Saved data entries
Content starts

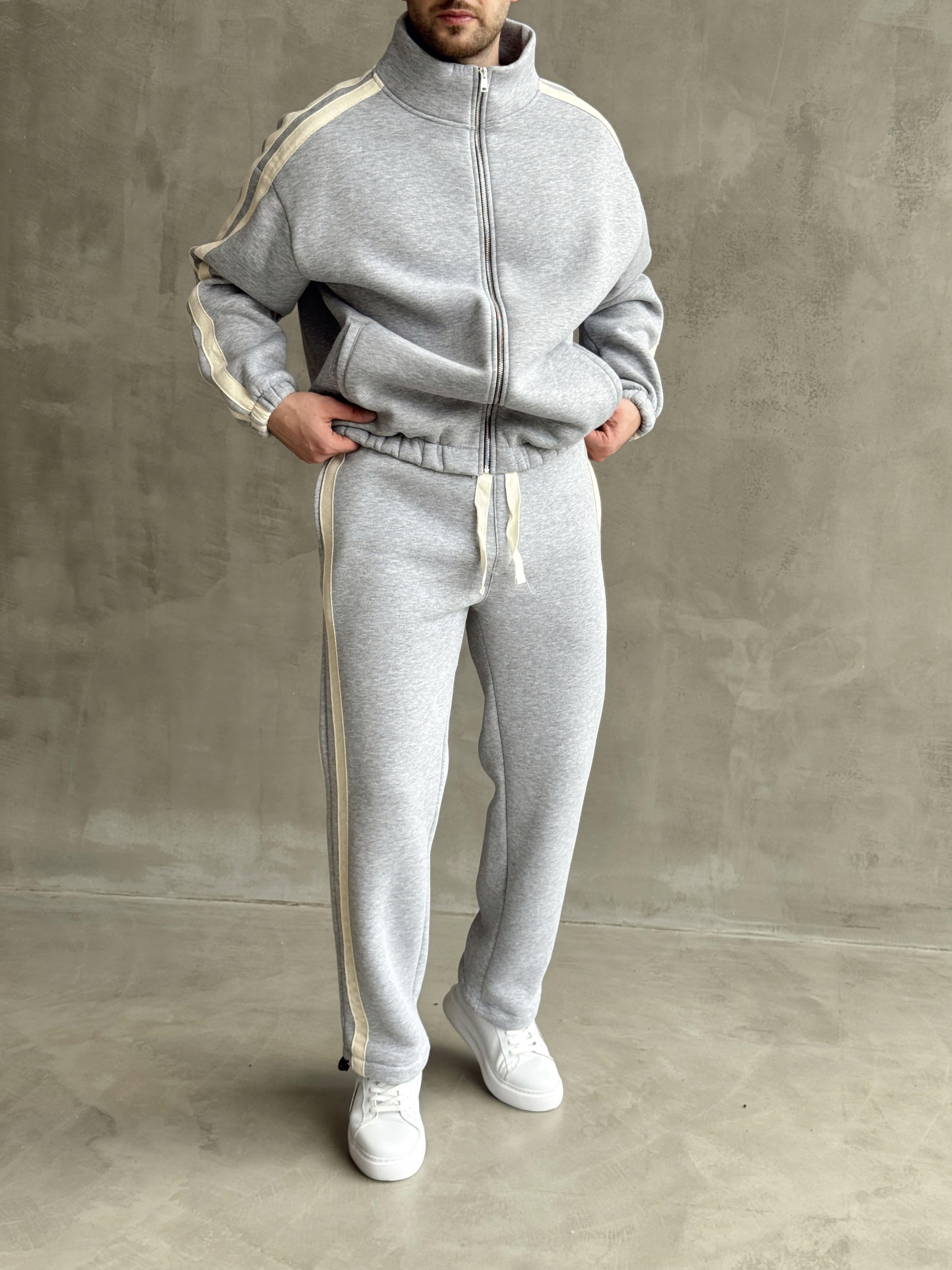 Erkek Premium Yüksek Kalite Oversize Kalıp Şardonlu Lastik Ribana 3 İplik Hasır Şerit Detaylı Sweat Eşofman Takım-Gri(E1476)
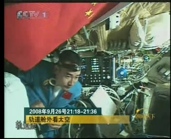 9月26日晚至27日凌晨,神七航天員在艙內(nèi)進行各種活動。
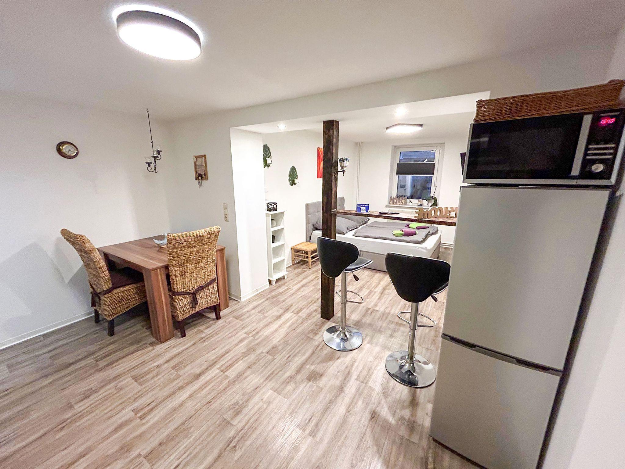 Die Ferienwohnung am Golfplatz ist ideal für Paare oder Alleinreisende und bietet auf 30 m² alles, was du für einen entspannten Aufenthalt brauchst. Sie liegt im Erdgeschoss und hat einen eigenen Eingang ? so kannst du deinen Urlaub in Ruhe genießen. Im kombinierten Wohn- und Schlafbereich sorgt ein bequemes Doppelbett (140x200) für erholsame Nächte - hier kannst du den Tag entspannt vor dem TV ausklingen lassen. Optisch wird der Schlafbereich von einem Balken mit Hochtisch und zwei Barstühlen von der Küche getrennt, was eine lockere Atmosphäre schafft. Die offene Küche mit Esstisch ist bestens ausgestattet: Backofen, Herd, Spülmaschine, Kühlschrank mit Gefrierfach, Mikrowelle, Kaffeemaschine, Wasserkocher und sogar ein Radio sorgen dafür, dass es dir beim Kochen an nichts fehlt. Das Tageslichtbad punktet mit einer Badewanne, die zum Entspannen nach einem erlebnisreichen Tag einlädt. Im Flur findest du eine Garderobe und einen Kleiderschrank ? hier kannst du deine Sachen ordentlich verstauen. Für gemütliche Stunden im Freien, wartet im Garten eine Sitzecke auf dich. Hier steht dir auch ein Grill für gemeinsame BBQ-Abende zur Verfügung.
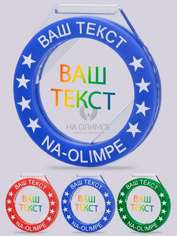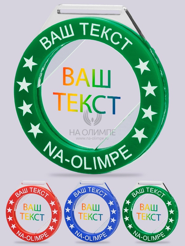 Трёхслойная медаль из прозрачного и цветного акрила с персональным нанесением любого цвета.
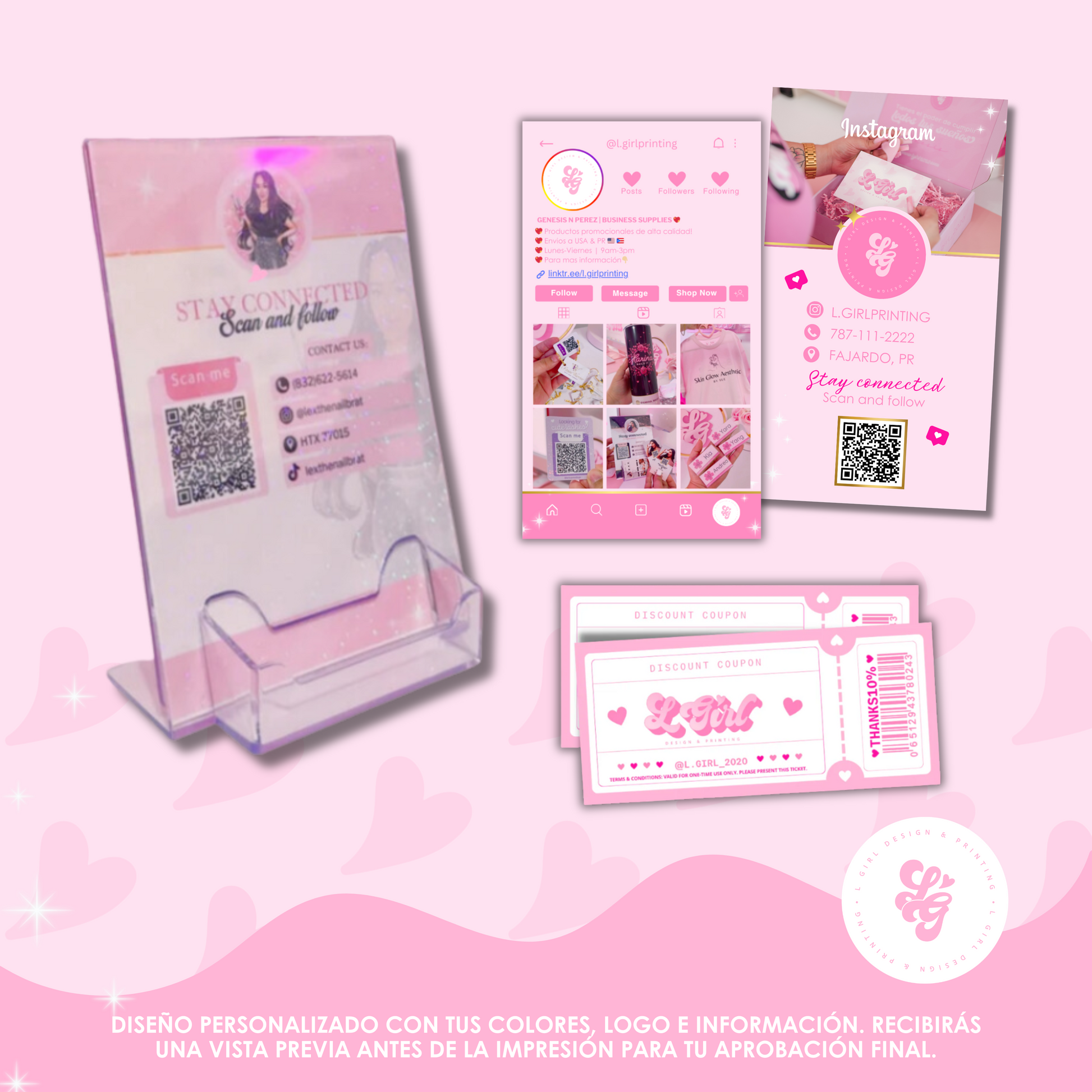 Combo Promocional. Incluye un cuadro personalizado con un código QR que te permitirá conectar con clientes potenciales en segundos. Además, cuenta con tarjetas de presentación estilo Instagram, perfectas para mostrar tu negocio de manera creativa y profesional. ¡Haz crecer tu marca hoy!
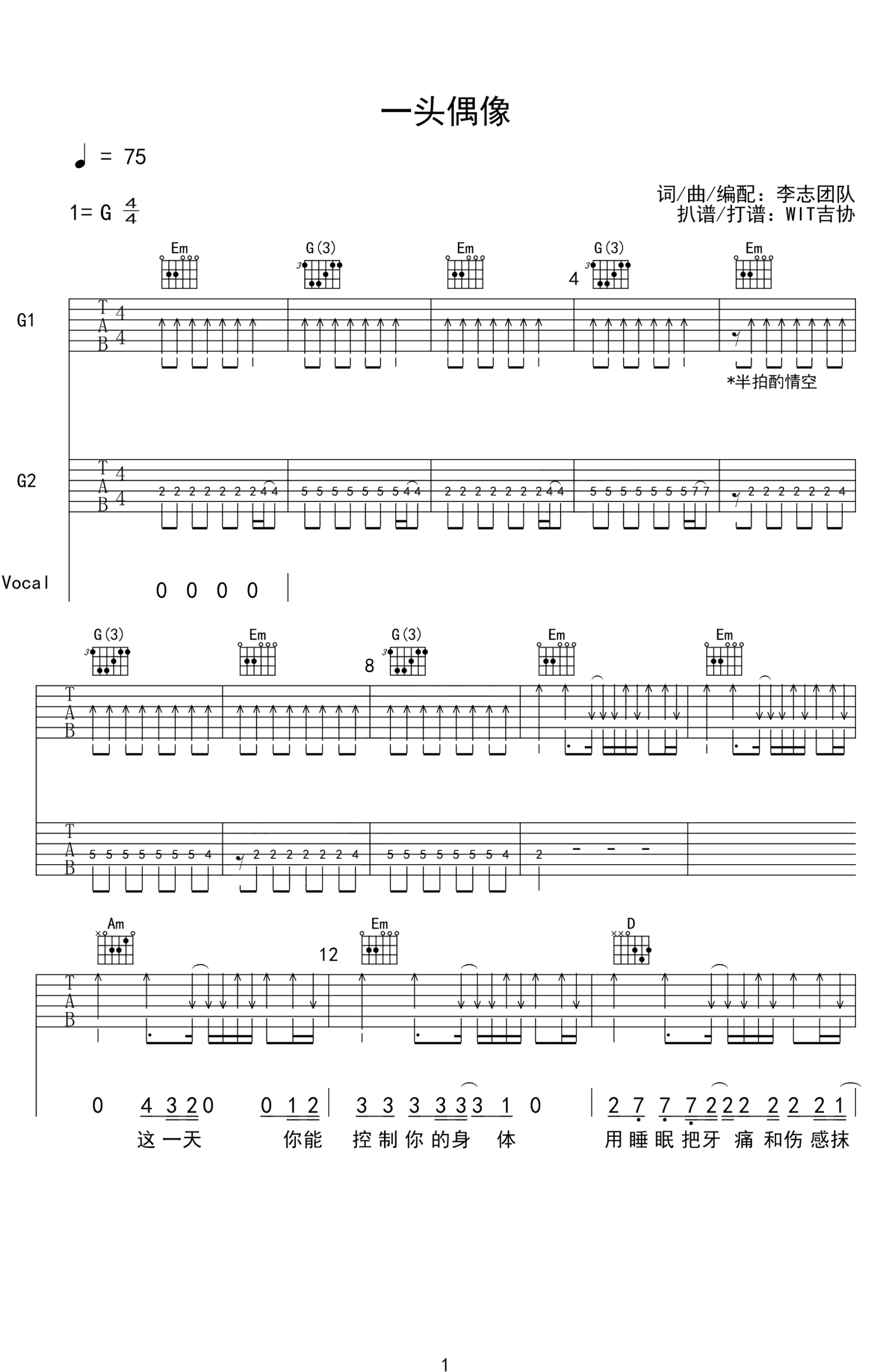 吉他弹唱G调来源:WIT吉协1565 浏览2018-03-19 13:34发布图谱共4页
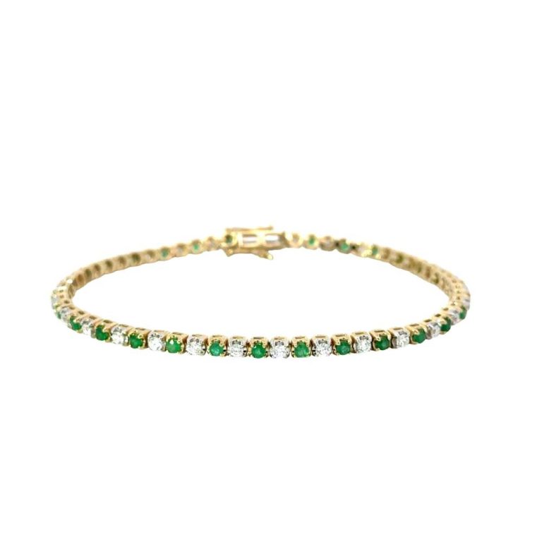 9ct Yellow Gold Emerald & Diamond Bracelet

Content ends

ASSIGNMENT
The entries should be printed again exactly as written, leaving all pictures out.

SOLUTION BELOW
 Erkek Premium Yüksek Kalite Oversize Kalıp Şardonlu Lastik Ribana 3 İplik Hasır Şerit Detaylı Sweat Eşofman Takım-Gri(E1476)
 9月26日晚至27日凌晨,神七航天員在艙內(nèi)進行各種活動。
 Die Ferienwohnung am Golfplatz ist ideal für Paare oder Alleinreisende und bietet auf 30 m² alles, was du für einen entspannten Aufenthalt brauchst. Sie liegt im Erdgeschoss und hat einen eigenen Eingang ? so kannst du deinen Urlaub in Ruhe genießen. Im kombinierten Wohn- und Schlafbereich sorgt ein bequemes Doppelbett (140x200) für erholsame Nächte - hier kannst du den Tag entspannt vor dem TV ausklingen lassen. Optisch wird der Schlafbereich von einem Balken mit Hochtisch und zwei Barstühlen von der Küche getrennt, was eine lockere Atmosphäre schafft. Die offene Küche mit Esstisch ist bestens ausgestattet: Backofen, Herd, Spülmaschine, Kühlschrank mit Gefrierfach, Mikrowelle, Kaffeemaschine, Wasserkocher und sogar ein Radio sorgen dafür, dass es dir beim Kochen an nichts fehlt. Das Tageslichtbad punktet mit einer Badewanne, die zum Entspannen nach einem erlebnisreichen Tag einlädt. Im Flur findest du eine Garderobe und einen Kleiderschrank ? hier kannst du deine Sachen ordentlich verstauen. Für gemütliche Stunden im Freien, wartet im Garten eine Sitzecke auf dich. Hier steht dir auch ein Grill für gemeinsame BBQ-Abende zur Verfügung.
 Трёхслойная медаль из прозрачного и цветного акрила с персональным нанесением любого цвета.
 Combo Promocional. Incluye un cuadro personalizado con un código QR que te permitirá conectar con clientes potenciales en segundos. Además, cuenta con tarjetas de presentación estilo Instagram, perfectas para mostrar tu negocio de manera creativa y profesional. ¡Haz crecer tu marca hoy!
 吉他弹唱G调来源:WIT吉协1565 浏览2018-03-19 13:34发布图谱共4页
 9ct Yellow Gold Emerald & Diamond Bracelet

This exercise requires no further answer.